Stadium in Nea Filadelfeia, Greece

Agia Sophia Stadium (/el/), also known as Allwyn Arena for sponsorship reasons and as AEK Arena for UEFA competitions, is the home stadium of AEK Athens. With an all-seater capacity of 32,500 it is the third largest football stadium overall in Greece. It is located in Nea Filadelfeia, a northwestern suburb of Athens, Greece. The stadium is built on the same site of the former Nikos Goumas Stadium. The construction of the Agia Sophia Stadium was completed in October 2022. It is the newest stadium built in Greece.

The stadium hosted the 2024 UEFA Europa Conference League final on 29 May 2024.

==Name==
The original name of the stadium, Agia Sophia, named after the Byzantine-built former Orthodox cathedral Hagia Sophia, was picked in order to commemorate the roots of the club from the city of Constantinople (present day Istanbul). The commercial name of the stadium, OPAP Arena, was picked after OPAP – Greek Organisation of Football Prognostics S.A. secured the naming rights for five years, starting from 2022 onwards. In early 2026, after OPAP rebranded to Allwyn, the stadium’s commercial name was accordingly changed to Allwyn Arena. As UEFA does not allow for stadiums to be named after a sponsor, AEK Arena is used for the European governing body's competitions.

==History==

In 1926, land in Nea Filadelfeia that was originally set aside for refugee housing was donated as a training ground for the Greek refugees. A stadium was built at the site in 1930, named "Nikos Goumas", and became the home ground of AEK Athens FC.

In 2003, Giannis Granitsas, president of AEK at the time, advocated for demolishing the stadium at the interest of erecting a new one at the same location, citing that the stadium was seriously damaged from the 1999 Athens earthquake. His plan was to build a new stadium at the same site, which would include also a basketball indoor hall and a mall. The goal was for the stadium to be ready in time for the 2004 Summer Olympics.

However, shortly before the construction of the new stadium was to commence, it was halted by the Council of State, which decided that the construction plans of the stadium were contrary to the Constitution of Greece.

In 2005, Dimitris Melissanidis was a candidate for the presidency of AEK, and presented a plan for the construction of a stadium at the area of Nikos Goumas, bearing the name Agia Sophia. However, he lost the elections.

In 2007, AEK Athens FC's president Demis Nikolaidis was developing a project to build a 50,000-capacity stadium at Ano Liosia. The plan was canceled due to a lack of fan support and lack of funds.

After the bankruptcy and relegation of AEK Athens FC in 2013, Dimitris Melissanidis took up the reorganization of the club and re-introduced the plan of Hagia Sophia in a press conference held on 10 July 2013.

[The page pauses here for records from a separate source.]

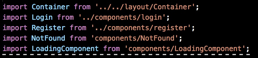- 第5、6行components是weback设置了的alias,NotFound是一个文件夹,点击不能跳转,LoadingComponent是文件名,点击可以跳转。
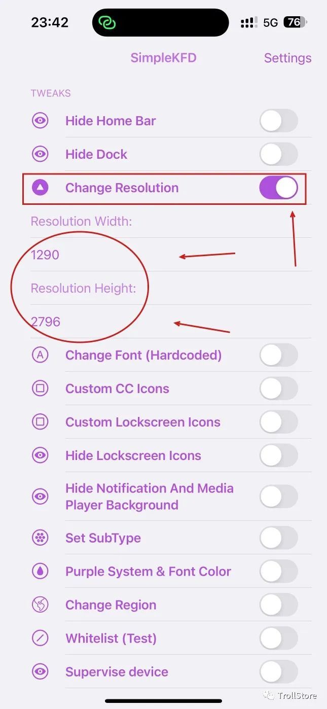隐藏小横条。Dock 背景透明。修改分辨率。更改字体。更改控制中心图标。自定义锁屏手电筒和相机图标。隐藏锁屏手电筒和相机图标。隐藏通知和媒体播放背景。设置子类型,老设备一键开启灵动岛(iOS 15 系统请勿使用)。紫色系统和字体颜色。改变区域。白名单,一键解除证书被拉黑。进入或去除监督。
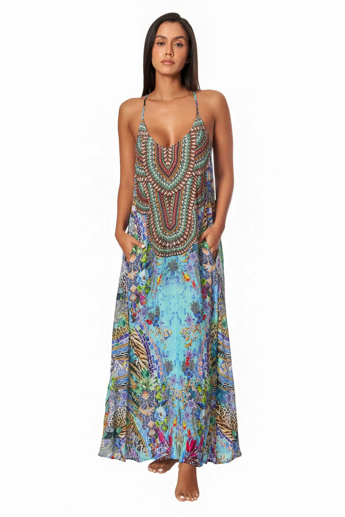 Buy Poppy Garden Racerback Maxi Dress for Resort or Cruise. This lovely garment features a V-neck, spaghetti straps, loose flare bodice, sleeveless, made with super light tropical printed material, comes with inseam pockets. Ideal for summer wear, bohemian casual style. Look and feel like a goddess in any setting while wearing this lovely flattering dress! The relaxed fit and flattering silhouette can easily be paired with everything from slouchy sweaters to tailored boleros or jackets
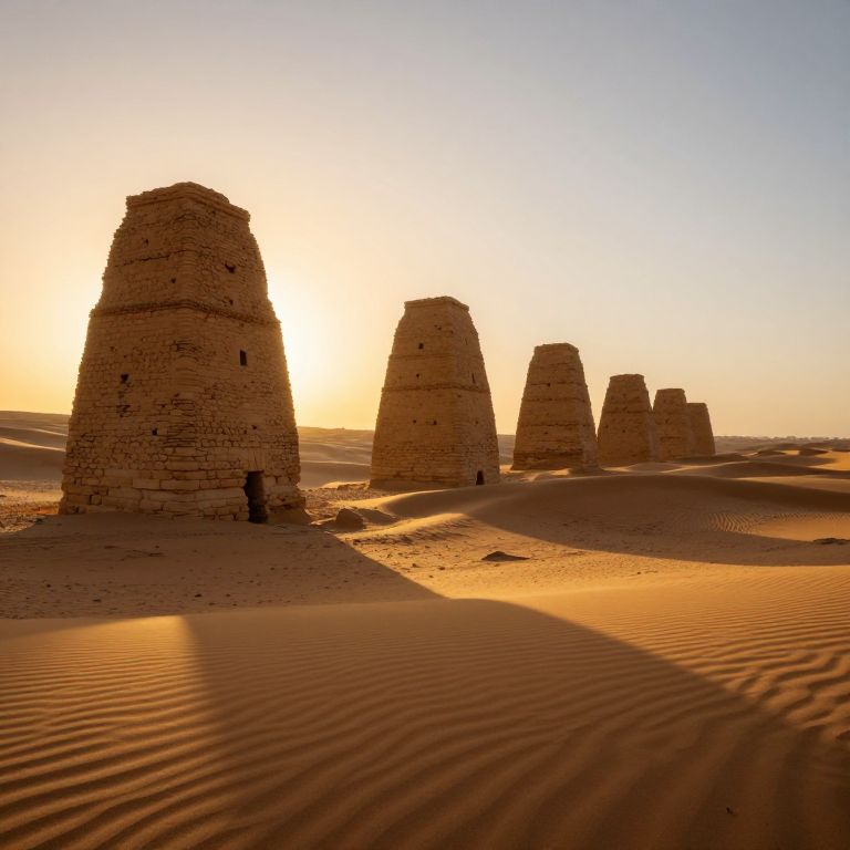 Photograph of ancient, sunlit sandstone towers in a desert, casting long shadows on rippled sand at sunset, with a clear, golden sky

The first presentation of the stadium took place on 2 October 2013 in the Miltos Kountouras hall at the Nea Filadelfeia High School. The project manager of the stadium Dimitris Andriopoulos announced the first features and facilities. The stadium will fulfill the criteria to be a four-category in the UEFA stadium categories, it will have a capacity of 32,500 and will have 40 suites. There will be a museum about the Greek refugees who left from Asia Minor in 1922. It will offer 1,500–2,000 jobs during its construction and 250,400 permanent jobs when it was constructed. The stadium's construction was expected to begin in 2014 and finish by 2015. The first images of the stadium were also exposed. The stadium is designed after the Walls of Constantinople where the club originated from, and it will resemble a castle from the outside.

The grand presentation of the stadium took place on 6 November 2013 at the Onassis Cultural Center in Athens, which will contribute financially to the construction of the stadium. A symbolic fund was also donated by the Ecumenical Patriarchate of Constantinople. Technical information about the stadium was presented and its facilities were illustrated in a 20-minute video.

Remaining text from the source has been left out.